G
Gabriel Genellina
Rafael said:I'm studying compilers now on my university and I can't quite
understand one thing about the python interpreter. Why is its input a
binary file (pyc)? The LOAD_CONST opcode is 100 (dec) and STORE_FAST's
is 125 (dec). The translation of the following code:
foo.py:
x = 10
Could be this:
foo.pyc:
100 10
125 0
That way you wouldn't need code such as
static void
w_long(long x, WFILE *p)
{
w_byte((char)( x & 0xff), p);
w_byte((char)((x>> 8) & 0xff), p);
w_byte((char)((x>>16) & 0xff), p);
w_byte((char)((x>>24) & 0xff), p);
}
since you could read it with strtol and write back using a simple
printf. So you wouldn't need a buch of casts by simple using ascii
input and output.
A "simple" printf or strtol involves hundreds of instructions. And
people want Python to execute fast...
What's the reason for having it in a binary form instead of writting
it in ascii? (yeah, I know ascii would be binary also, but I think you
get my point.)
Speed? Eficiency? File size? Ease of use?

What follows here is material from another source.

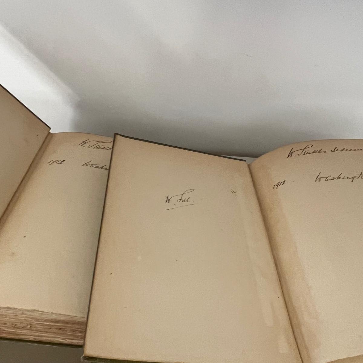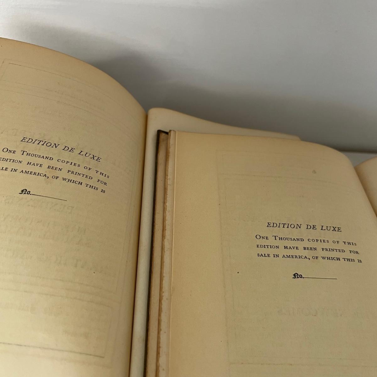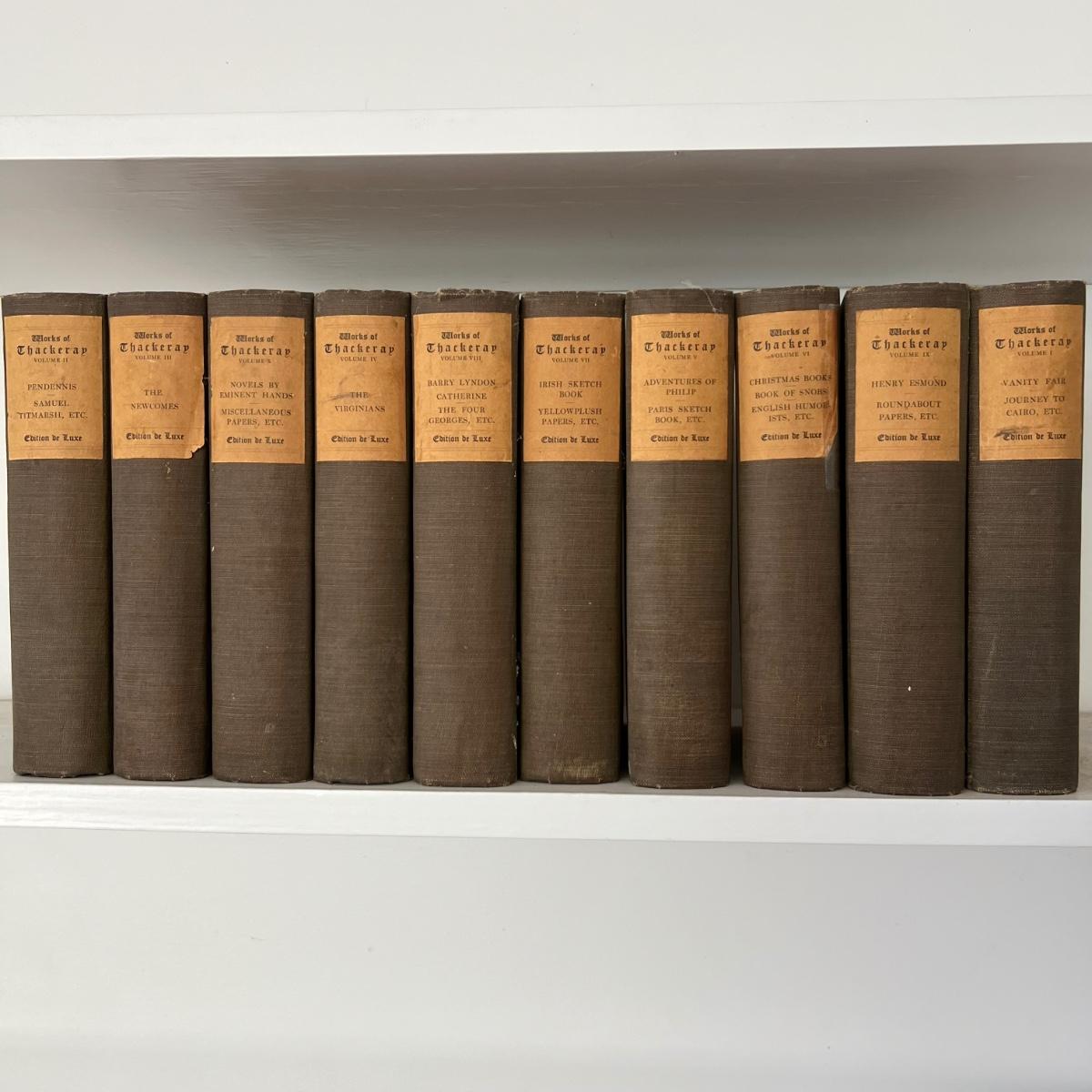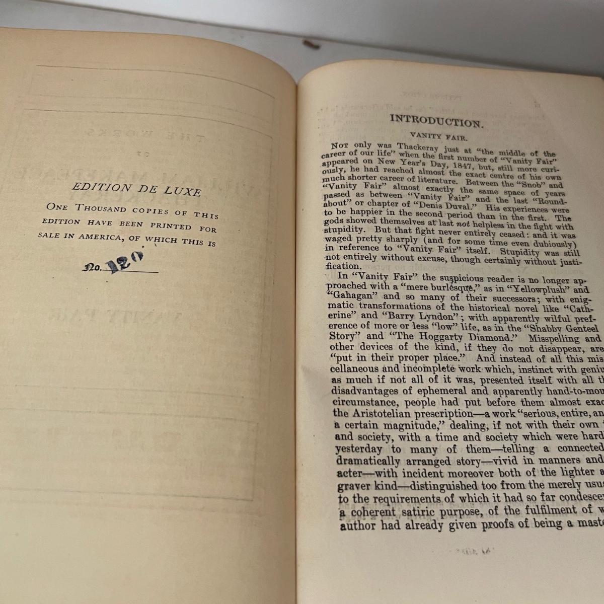 Nine book set of Works of Thackeray. They are Edition de Luxe. Note that only volume 1 has a Limited Edition number stamp, see image. all the books have the same handwritten name inside.

A .pyc *could* be written in ASCII, but what do you gain? Replacing a
few trivial functions in the Python core with a printf/scanf equivalent?
At the same time you lose a lot of speed, so I don't see the point.
So I was writting this interpreter for some assembly language defined
in class and I did something like python does, so I had a binary file
to interpret. After a while I thought it was far harder to program.
Why harder? Once you read the file, they're just numbers. Anyway, being
harder to program the *interpreter* is not a problem, if you gain
something like speed or eficiency for the interpreted language.
And when I tried to code an assembler my problems got greater, as I
wanted to code it in python (the interpreter was in C++) and I had a
hard time trying to figure out how I would print something that's not a
ascii or unicode string. As for the benefits, I couldn't figure out any.
Sorry, I could not understand what you said here.